This month, book club was a close tie between The Language of Flowers and The Age of Miracles. The club went with Vanessa Diffenbaugh's Flowers, but I read both, just out of curiosity, and I think they're a great study in contrasts, especially about what makes a "literary novel."
I've already mentioned that I didn't like Miracles. It was less an awful book than a waste of time and a good premise. Almost nothing happens. Occasionally the narrator will let you know about interesting things that are happening, inasmuch as the world is coming to an end. But it doesn't affect the day to day life of anyone you know; your main character just has a standard twelve year old's coming of age story--and a particularly boring one, as I'm pretty sure Julia doesn't actually take a single action in the whole story. She just rambles around and watches people live their lives.
I really did like The Language of Flowers. Although it was also a coming of age story, the main character--tentatively and with great emotional barriers--does actually do things. She reaches out and shies away and hurts people and is hurt by them, and then makes up with them and tries again. It's really a book about getting it wrong and trying again.
What I think is interesting in looking at the two books next to each other is about my overall discussion of literary fiction. I think these two books aim very solidly for the same high-middle-brow range of literature--the land of book clubs and reviews in popular mainstream magazines. And they both have, I think, the same quality of a "hook." Miracles has the end of the world; Flowers has a character who has been chewed up and spit out by the foster system, who got kicked out of the best home she'd been in by committing some unnamed horrifying act--she's messed up and misanthropic, and she likes flowers and pretty much nothing else.
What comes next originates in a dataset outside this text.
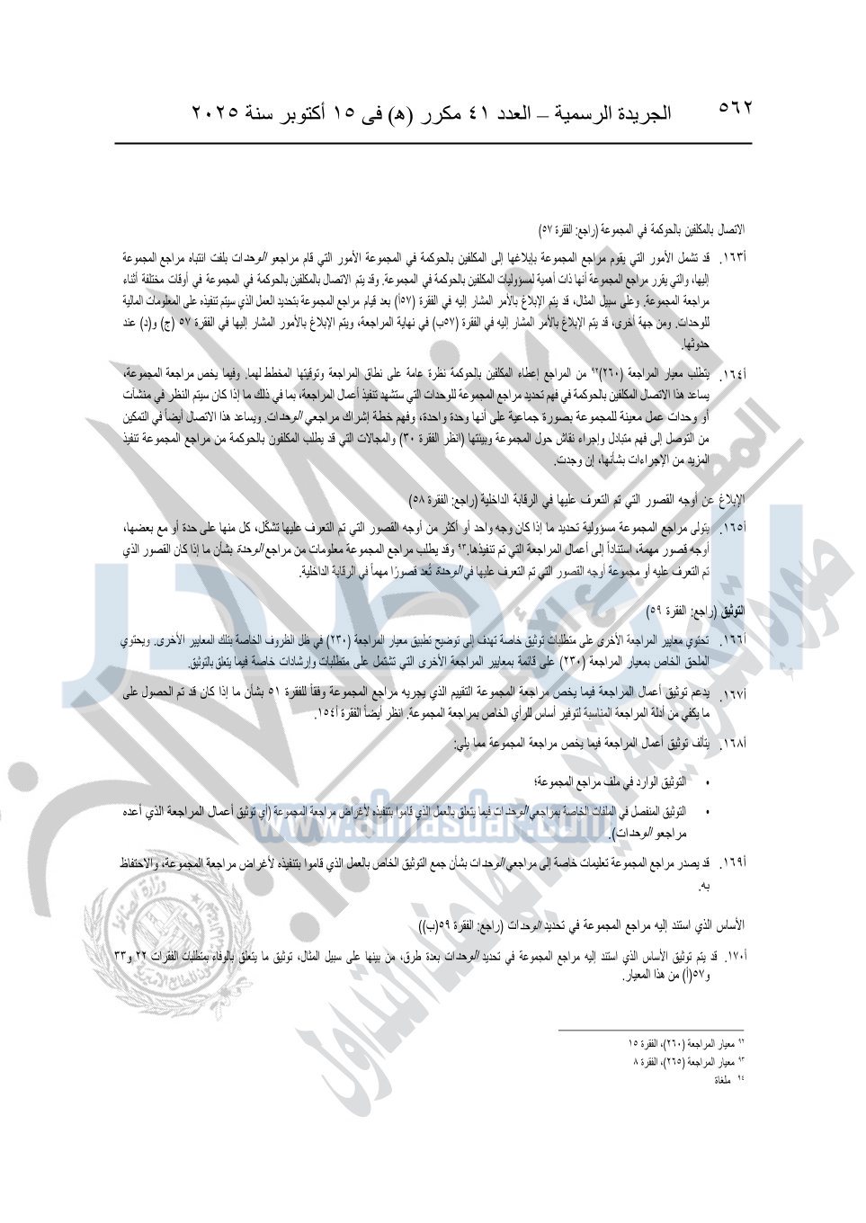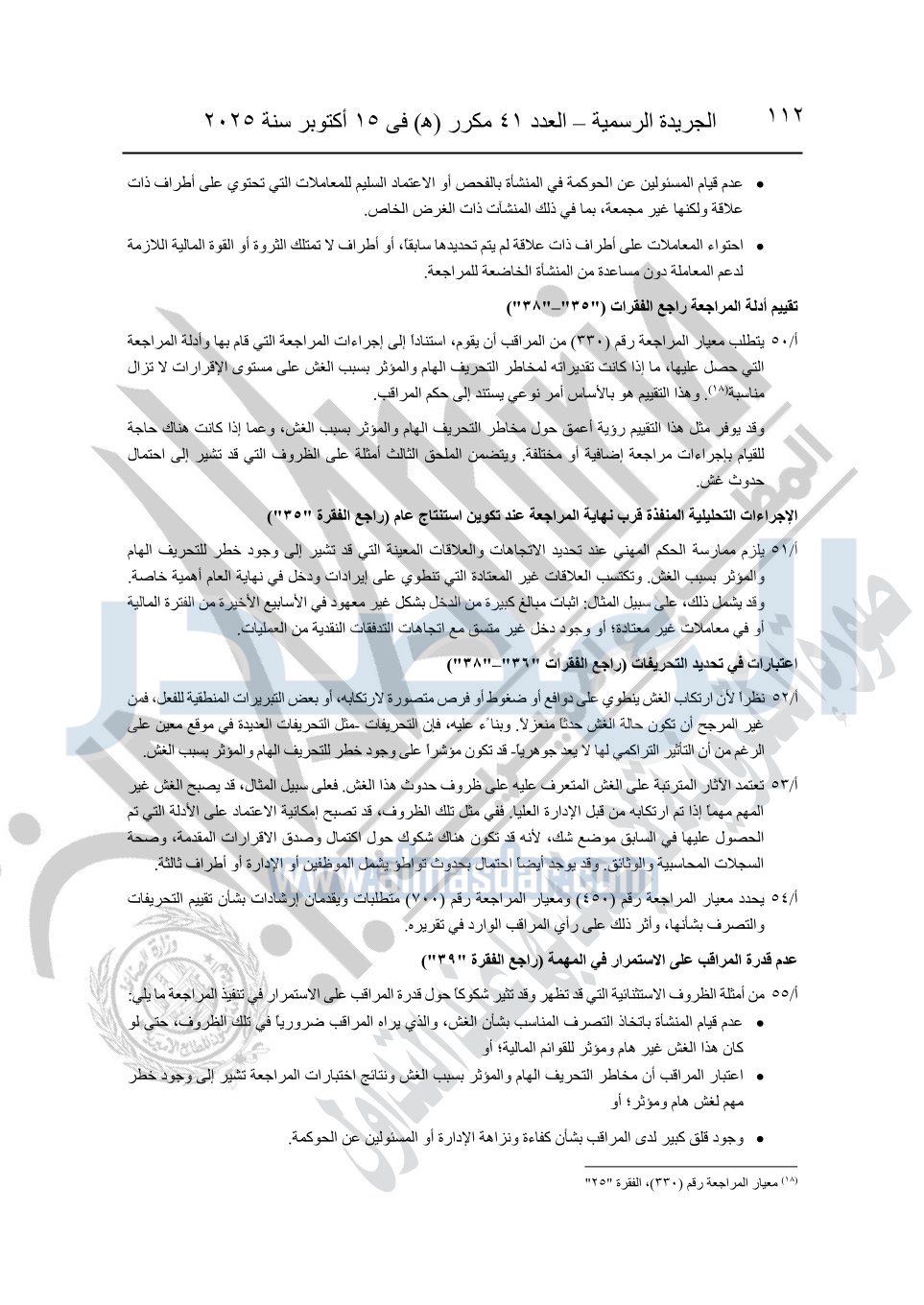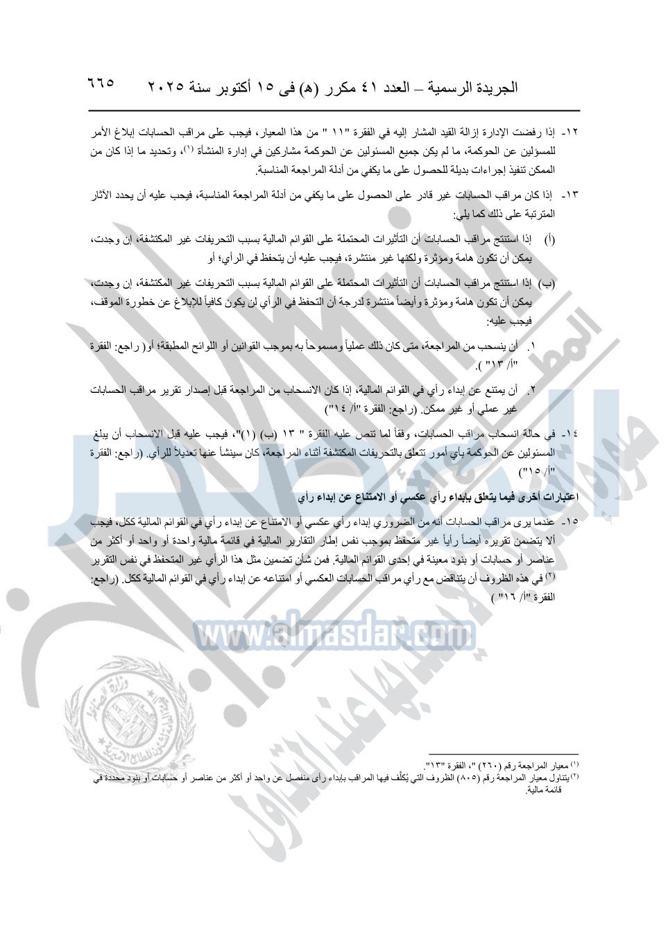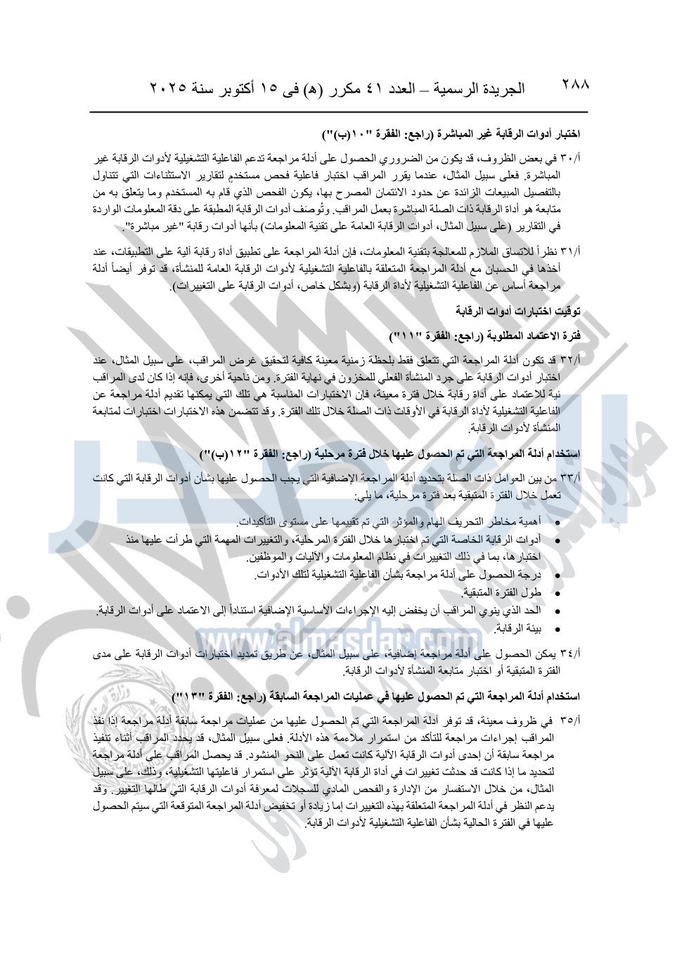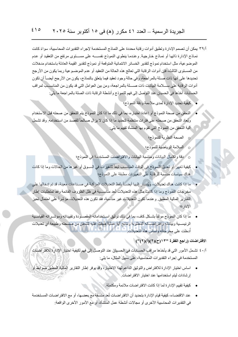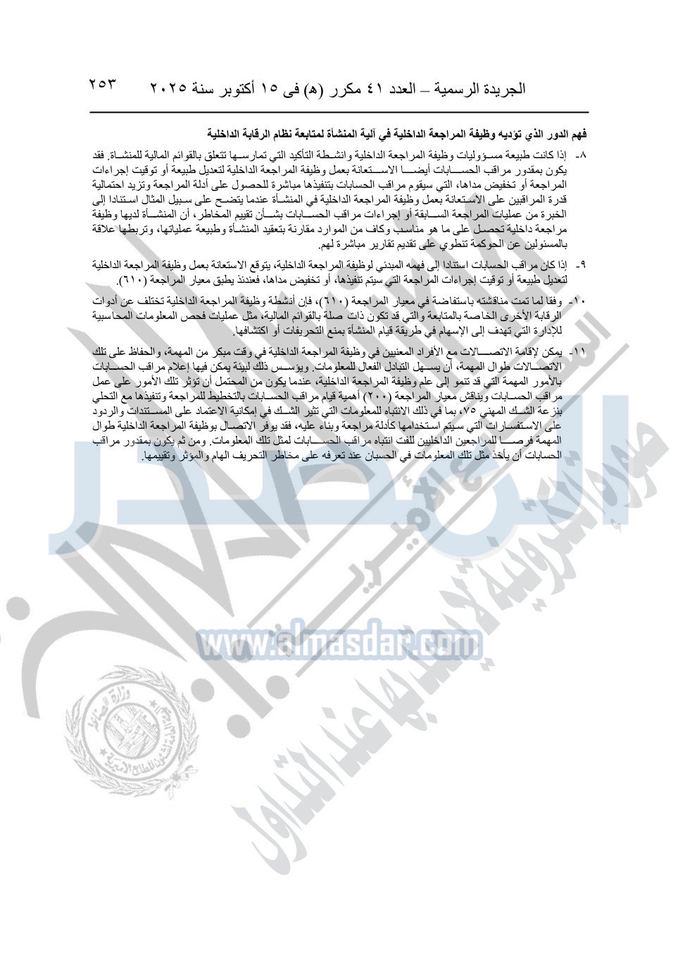 نشرت الجريدة الرسمية في العدد 41 مكرر "هـ" الصادر في 15 أكتوبر سنة 2025، قرار رئيس مجلس الوزراء رقم 3725 لسنة 2025، بشأن العمل بالمعايير المصرية للمراجعة والفحص المحدود ومهام التأكد الأخرى المرافقة لهذا القرار.

For want of a better descriptor, the bare bones outline is a bit lurid, which, as we all know, sells.
So what does Flowers succeed at where Miracles fails? It's all in the details. Even at the moments when Victoria is at her most passive--and her passive aggressive moments are remarkable--she's filled with emotion. She freezes it out, she goes into shock, she suppresses rage--it might look like nothing is going on, but a lot is going on. Julia, not so much. She's an empty vessel, a wide-eyed lens to look at the world around her.
The other characters in the books have room to wiggle, too. Let's look at Mother Ruby, who is kind of a third tier character in this book--neither the protagonist nor one of the main players, but a big role anyway. Mother Ruby is solid and knowledgeable, and yet she screws up. She is needed and just what Victoria needs at the moment she appears, but she's not all-knowing. Then you look at Hannah, Julia's best friend at the beginning of Miracles, and you realize that she's just an object to act on Julia. What's important is not who Hannah is; it's what she does to Julia. But since Julia doesn't seem to react, then that "what she does" means nothing.
My review of The Language of Flowers is "great read," though I would caution you that if your book club is composed of 70% social workers and child psychologists, they're going to explain how attachment disorders work and how in real life, Victoria would never, ever heal. But the real point I wanted to make here is that, when I talk about not liking literary fiction, I know I'm probably misusing the term. What I dislike is a book in which NOTHING HAPPENS. It doesn't have to be space opera, soap opera, or even musical theater. Emotionally, though, I need real motion, agitation, and a breath of life.
4 comments:
LOL love your comment re book club composition and language of flowers. :)
-sarah
I could say a lot more about career composition of a book club. It's remarkable for how many books it's interesting to have an armful of child psychologists on hand!
Okay, so you're saying that in order for you to like a book, it has to be more than just an intellectual exercise? I don't necessarily agree, but I understand that *much* more than disliking all "literary fiction." Well put.
Well, it's definitely true that formal or intellectual exercise does not get me excited about a book. I think that sometimes I'm able to recognize it, though, and "appreciate" if not enjoy it.
Okay, here's another attempt at defining it: I like stories that are about change or tension in some form--stories that are not about static moments or only observation. Note that the change can be entirely internal, and/or it can be quite subtle. I think my generalized, demonized "literary fiction" is static.